● **Task details**: When you reach the line in the data below that contains "Gorgeous custom built", please start repeating lines exactly, and stop after the line that contains "இந்த நிலையில் நடிகர்", repeating nothing else.

● **Provided information**:
* * * * * * *
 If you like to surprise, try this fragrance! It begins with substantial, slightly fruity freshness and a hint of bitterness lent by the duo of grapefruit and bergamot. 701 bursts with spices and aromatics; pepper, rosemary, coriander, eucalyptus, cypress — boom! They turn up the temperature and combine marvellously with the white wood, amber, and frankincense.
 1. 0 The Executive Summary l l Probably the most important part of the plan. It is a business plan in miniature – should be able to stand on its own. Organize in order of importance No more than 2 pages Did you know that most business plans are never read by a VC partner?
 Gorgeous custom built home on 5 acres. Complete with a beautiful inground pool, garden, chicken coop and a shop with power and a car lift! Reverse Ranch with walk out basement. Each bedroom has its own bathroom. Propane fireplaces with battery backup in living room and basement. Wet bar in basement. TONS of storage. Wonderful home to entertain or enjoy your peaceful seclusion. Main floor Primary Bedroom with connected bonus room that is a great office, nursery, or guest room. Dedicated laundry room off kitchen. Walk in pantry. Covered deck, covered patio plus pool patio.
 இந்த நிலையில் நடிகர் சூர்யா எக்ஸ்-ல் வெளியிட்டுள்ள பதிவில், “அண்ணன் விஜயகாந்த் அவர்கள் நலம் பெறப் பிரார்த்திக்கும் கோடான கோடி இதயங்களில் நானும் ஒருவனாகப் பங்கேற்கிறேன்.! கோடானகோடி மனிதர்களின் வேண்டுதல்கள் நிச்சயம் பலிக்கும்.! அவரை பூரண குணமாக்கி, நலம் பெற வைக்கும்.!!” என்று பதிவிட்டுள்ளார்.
* * * * * * *
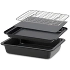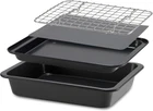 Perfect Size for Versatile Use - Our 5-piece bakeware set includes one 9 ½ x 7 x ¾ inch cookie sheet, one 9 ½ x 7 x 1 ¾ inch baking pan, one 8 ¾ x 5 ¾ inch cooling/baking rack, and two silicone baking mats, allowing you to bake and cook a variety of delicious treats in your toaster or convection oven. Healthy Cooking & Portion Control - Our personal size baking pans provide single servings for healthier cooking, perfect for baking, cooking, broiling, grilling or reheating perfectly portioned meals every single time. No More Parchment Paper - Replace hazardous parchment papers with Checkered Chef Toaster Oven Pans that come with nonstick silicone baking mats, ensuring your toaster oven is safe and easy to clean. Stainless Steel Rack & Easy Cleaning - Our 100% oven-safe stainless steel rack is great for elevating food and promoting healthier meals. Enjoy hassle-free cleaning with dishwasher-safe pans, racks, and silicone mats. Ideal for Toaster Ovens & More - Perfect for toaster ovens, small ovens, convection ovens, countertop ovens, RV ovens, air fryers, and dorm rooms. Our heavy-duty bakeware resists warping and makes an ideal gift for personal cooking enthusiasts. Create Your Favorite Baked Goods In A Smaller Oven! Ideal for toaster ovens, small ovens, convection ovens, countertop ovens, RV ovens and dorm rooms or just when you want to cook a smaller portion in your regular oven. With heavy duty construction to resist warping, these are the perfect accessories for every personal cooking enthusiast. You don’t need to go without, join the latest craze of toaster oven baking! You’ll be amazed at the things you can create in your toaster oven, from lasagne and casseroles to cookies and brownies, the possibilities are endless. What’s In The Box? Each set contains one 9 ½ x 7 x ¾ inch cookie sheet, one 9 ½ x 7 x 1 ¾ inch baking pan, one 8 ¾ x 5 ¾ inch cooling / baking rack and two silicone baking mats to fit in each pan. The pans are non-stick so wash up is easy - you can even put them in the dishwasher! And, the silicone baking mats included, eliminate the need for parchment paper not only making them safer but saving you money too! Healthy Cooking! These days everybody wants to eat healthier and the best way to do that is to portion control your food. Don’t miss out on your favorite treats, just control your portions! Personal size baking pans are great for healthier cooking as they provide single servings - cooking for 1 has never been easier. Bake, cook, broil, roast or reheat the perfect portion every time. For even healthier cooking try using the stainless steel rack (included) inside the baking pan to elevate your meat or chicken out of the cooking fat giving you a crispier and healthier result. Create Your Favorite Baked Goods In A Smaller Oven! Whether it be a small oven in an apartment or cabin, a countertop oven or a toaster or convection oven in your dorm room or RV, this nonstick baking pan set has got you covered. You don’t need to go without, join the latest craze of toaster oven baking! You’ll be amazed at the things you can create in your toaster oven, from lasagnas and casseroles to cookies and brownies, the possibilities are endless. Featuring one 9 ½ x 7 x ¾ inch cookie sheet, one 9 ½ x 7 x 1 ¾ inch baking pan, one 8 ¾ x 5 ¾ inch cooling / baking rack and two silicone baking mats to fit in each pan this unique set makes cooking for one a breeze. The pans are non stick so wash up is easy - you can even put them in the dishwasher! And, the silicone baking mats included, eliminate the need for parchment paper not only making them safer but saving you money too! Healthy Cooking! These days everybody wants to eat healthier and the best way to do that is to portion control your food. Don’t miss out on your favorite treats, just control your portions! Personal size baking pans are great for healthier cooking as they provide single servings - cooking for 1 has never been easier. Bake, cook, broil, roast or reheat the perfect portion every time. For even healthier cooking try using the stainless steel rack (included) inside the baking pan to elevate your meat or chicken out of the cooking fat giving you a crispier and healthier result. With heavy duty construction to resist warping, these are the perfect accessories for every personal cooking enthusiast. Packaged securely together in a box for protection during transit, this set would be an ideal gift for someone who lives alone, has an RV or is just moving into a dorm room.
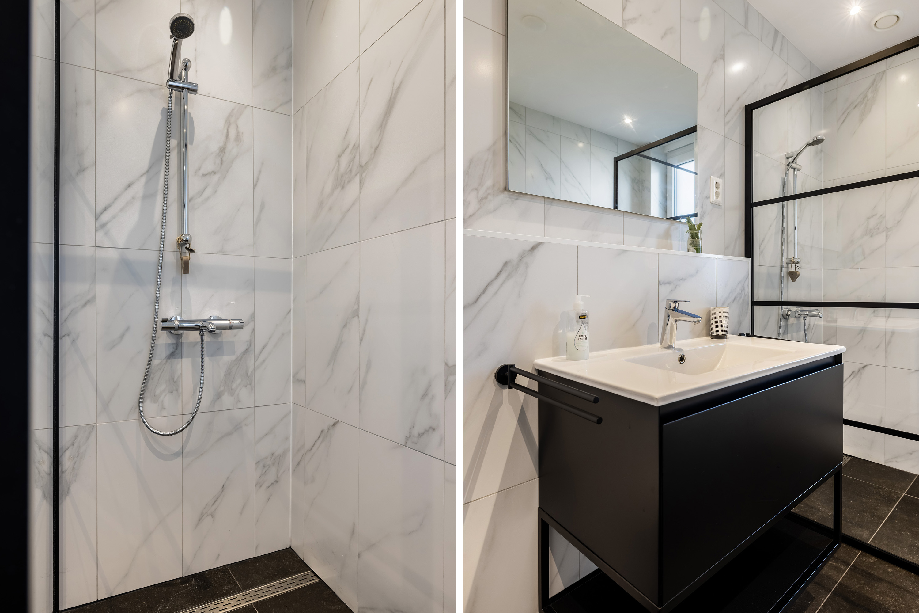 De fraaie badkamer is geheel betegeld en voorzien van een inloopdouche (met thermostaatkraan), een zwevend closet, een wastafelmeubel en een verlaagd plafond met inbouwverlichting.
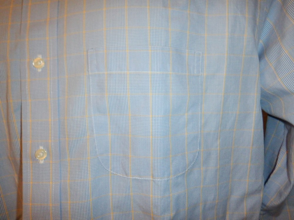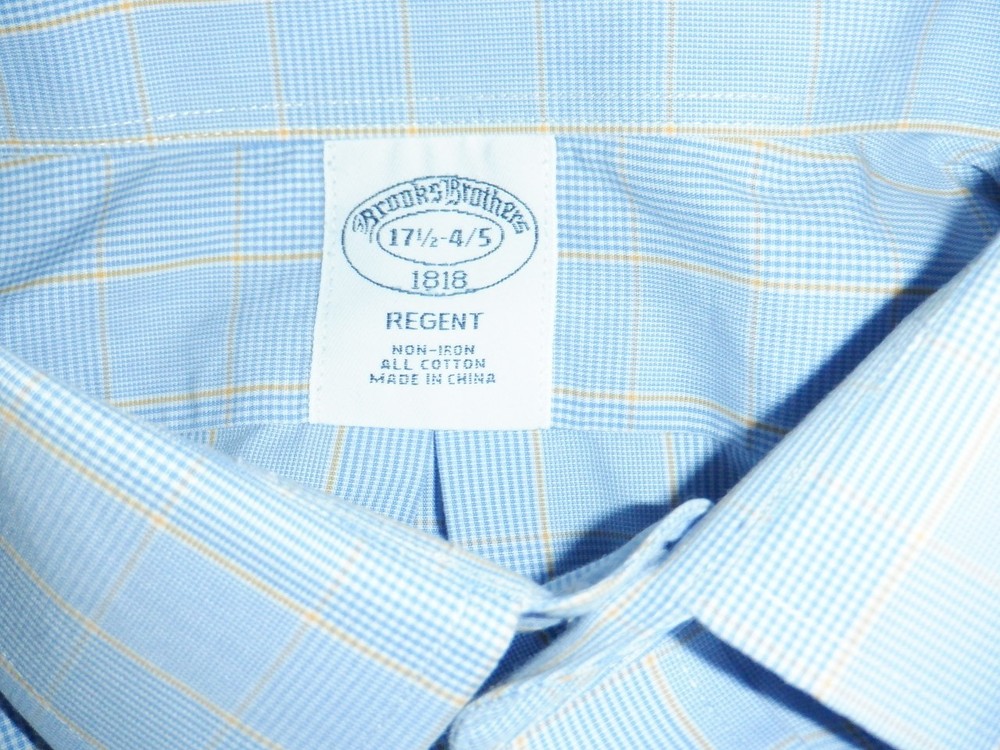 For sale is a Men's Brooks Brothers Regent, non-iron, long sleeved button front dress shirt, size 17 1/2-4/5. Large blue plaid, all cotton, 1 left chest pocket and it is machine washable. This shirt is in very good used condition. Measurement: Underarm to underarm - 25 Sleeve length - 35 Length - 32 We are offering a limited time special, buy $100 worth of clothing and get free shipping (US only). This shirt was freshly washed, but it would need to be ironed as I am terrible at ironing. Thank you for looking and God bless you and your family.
* * * * * * *
● **Response to this task**:
 Gorgeous custom built home on 5 acres. Complete with a beautiful inground pool, garden, chicken coop and a shop with power and a car lift! Reverse Ranch with walk out basement. Each bedroom has its own bathroom. Propane fireplaces with battery backup in living room and basement. Wet bar in basement. TONS of storage. Wonderful home to entertain or enjoy your peaceful seclusion. Main floor Primary Bedroom with connected bonus room that is a great office, nursery, or guest room. Dedicated laundry room off kitchen. Walk in pantry. Covered deck, covered patio plus pool patio.
 இந்த நிலையில் நடிகர் சூர்யா எக்ஸ்-ல் வெளியிட்டுள்ள பதிவில், “அண்ணன் விஜயகாந்த் அவர்கள் நலம் பெறப் பிரார்த்திக்கும் கோடான கோடி இதயங்களில் நானும் ஒருவனாகப் பங்கேற்கிறேன்.! கோடானகோடி மனிதர்களின் வேண்டுதல்கள் நிச்சயம் பலிக்கும்.! அவரை பூரண குணமாக்கி, நலம் பெற வைக்கும்.!!” என்று பதிவிட்டுள்ளார்.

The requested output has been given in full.